[Start of section]

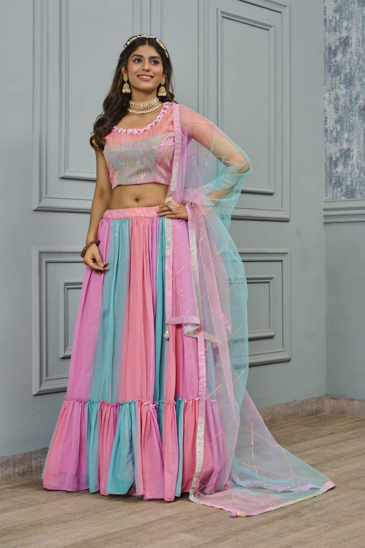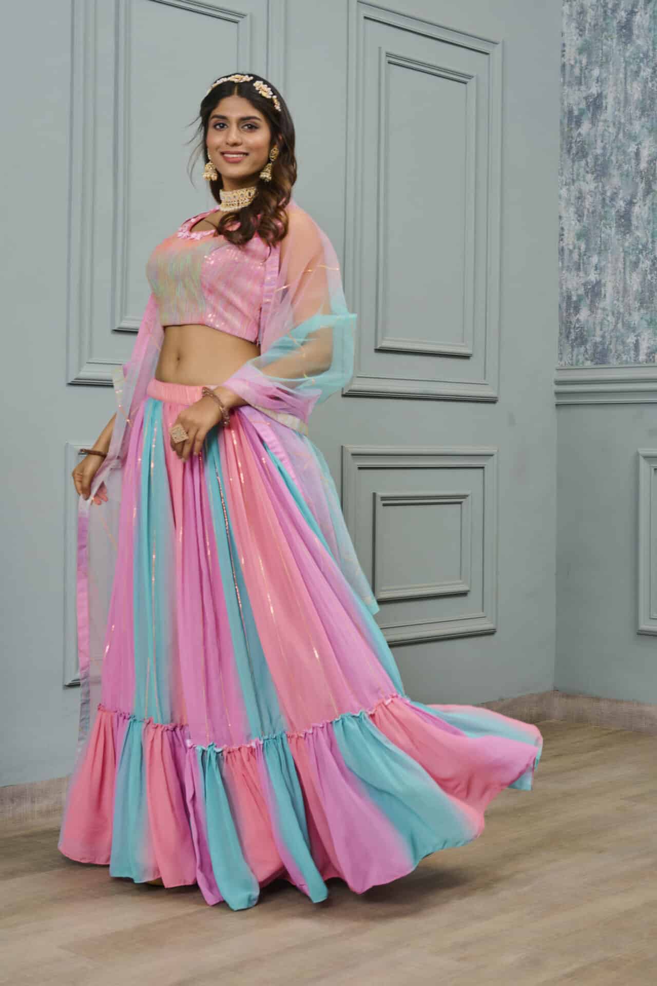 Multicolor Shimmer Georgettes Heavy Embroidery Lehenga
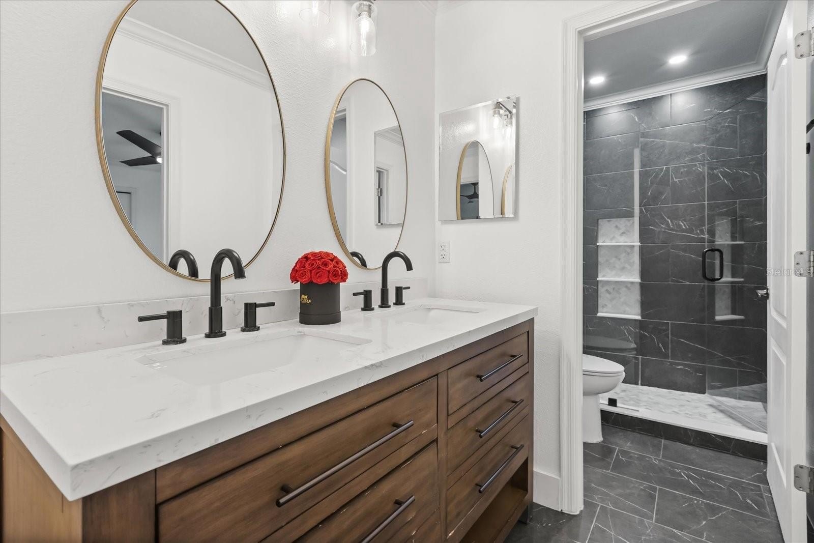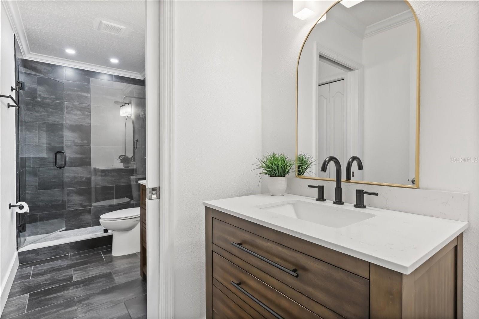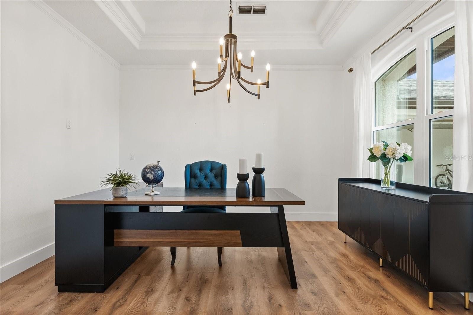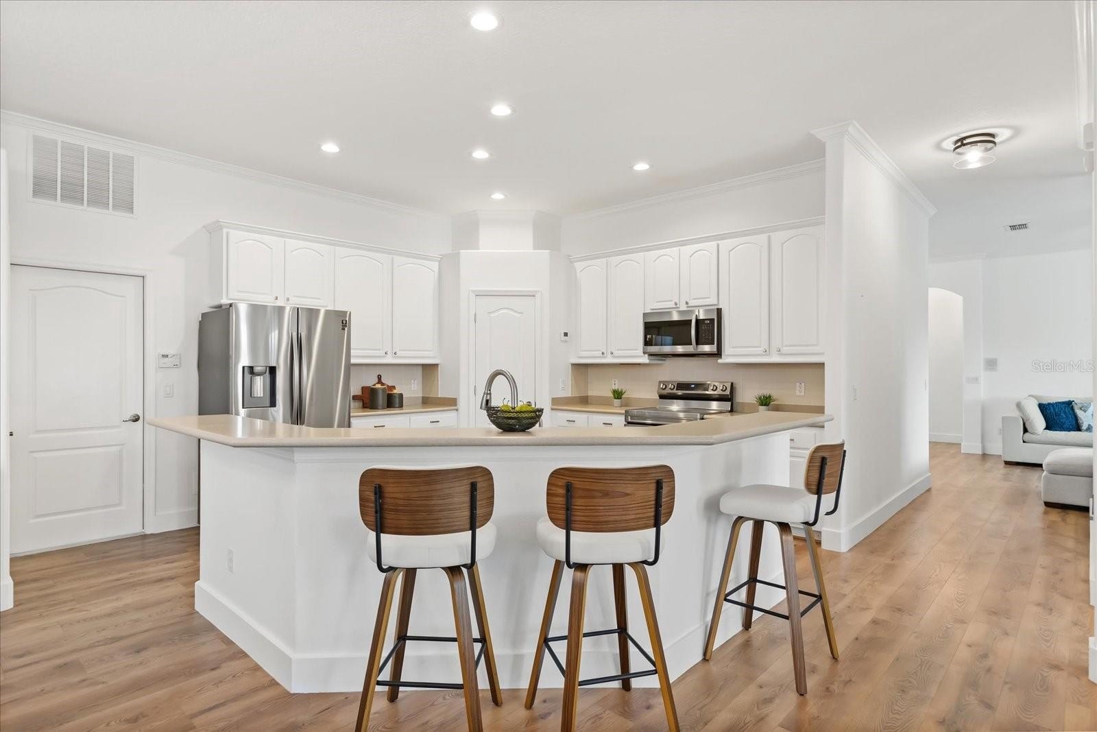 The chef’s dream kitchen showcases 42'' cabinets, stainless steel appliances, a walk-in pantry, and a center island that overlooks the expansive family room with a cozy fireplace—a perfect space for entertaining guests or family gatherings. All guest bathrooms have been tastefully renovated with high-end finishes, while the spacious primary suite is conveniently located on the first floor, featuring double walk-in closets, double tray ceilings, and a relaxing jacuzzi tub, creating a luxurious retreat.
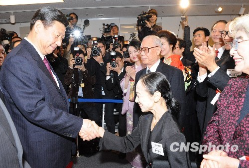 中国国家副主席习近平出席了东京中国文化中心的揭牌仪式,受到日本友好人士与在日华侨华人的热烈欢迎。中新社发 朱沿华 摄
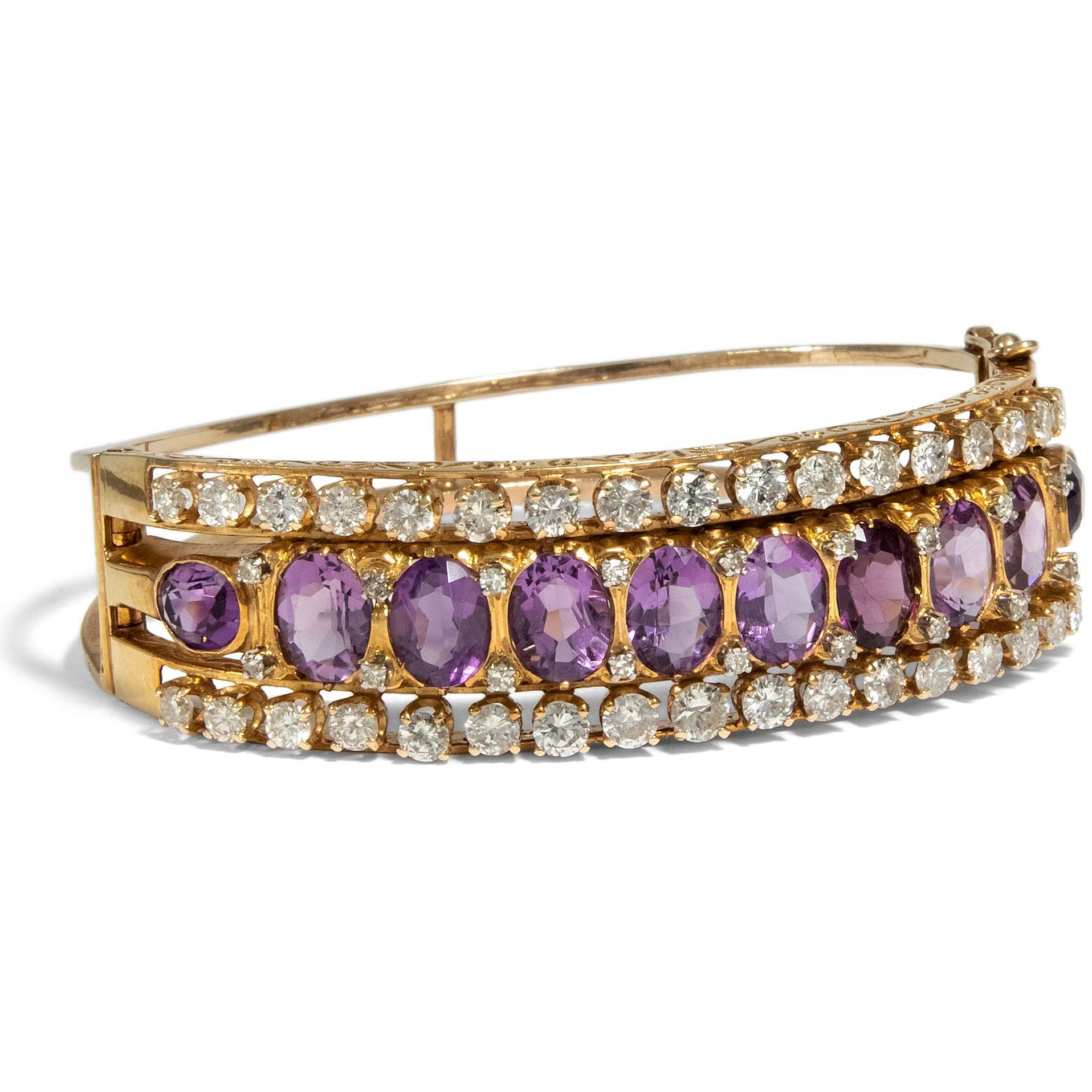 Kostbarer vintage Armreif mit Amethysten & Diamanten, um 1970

[End of section]
[Start of section]

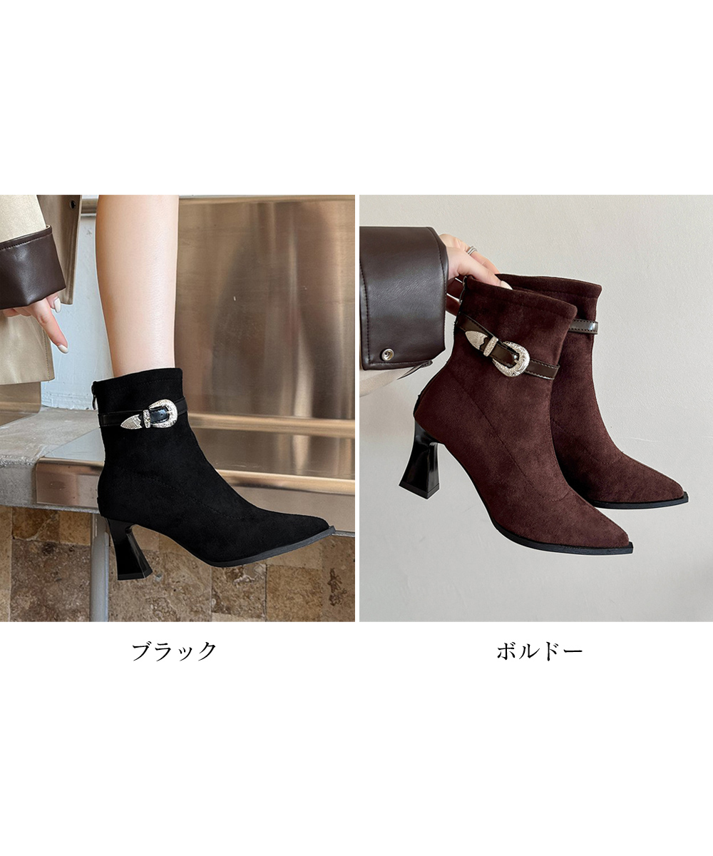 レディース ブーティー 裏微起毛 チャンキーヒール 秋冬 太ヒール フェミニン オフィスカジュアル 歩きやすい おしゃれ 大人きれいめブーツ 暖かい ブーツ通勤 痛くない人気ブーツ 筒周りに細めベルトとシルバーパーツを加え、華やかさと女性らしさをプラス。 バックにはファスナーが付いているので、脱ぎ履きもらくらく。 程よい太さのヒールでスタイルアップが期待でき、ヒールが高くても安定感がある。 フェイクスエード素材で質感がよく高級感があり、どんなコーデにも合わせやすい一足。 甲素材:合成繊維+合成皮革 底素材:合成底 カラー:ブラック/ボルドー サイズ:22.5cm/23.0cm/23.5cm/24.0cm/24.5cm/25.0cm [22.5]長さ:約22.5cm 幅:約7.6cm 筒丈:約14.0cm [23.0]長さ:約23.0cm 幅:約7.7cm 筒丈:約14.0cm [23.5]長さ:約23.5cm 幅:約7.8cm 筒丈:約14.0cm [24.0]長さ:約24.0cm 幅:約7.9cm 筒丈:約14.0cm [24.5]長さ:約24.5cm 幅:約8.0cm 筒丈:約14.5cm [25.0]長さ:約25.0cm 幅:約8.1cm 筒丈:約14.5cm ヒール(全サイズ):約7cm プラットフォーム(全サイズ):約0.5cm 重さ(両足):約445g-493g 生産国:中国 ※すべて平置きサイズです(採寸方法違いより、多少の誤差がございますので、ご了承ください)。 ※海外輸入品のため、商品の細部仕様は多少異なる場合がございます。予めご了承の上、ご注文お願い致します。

[End of section]

→ **What is required**: Pictures excluded, reproduce only the part above that opens with the line holding "中国国家副主席习近平出席了东京中国文化中心的揭牌仪式,受到日本友好人士与在日华侨华人的热烈欢迎。中新社发 朱沿华 摄" and closes with the line holding "Kostbarer vintage Armreif", exactly as written.

→ **Written response**:
 中国国家副主席习近平出席了东京中国文化中心的揭牌仪式,受到日本友好人士与在日华侨华人的热烈欢迎。中新社发 朱沿华 摄
 Kostbarer vintage Armreif mit Amethysten & Diamanten, um 1970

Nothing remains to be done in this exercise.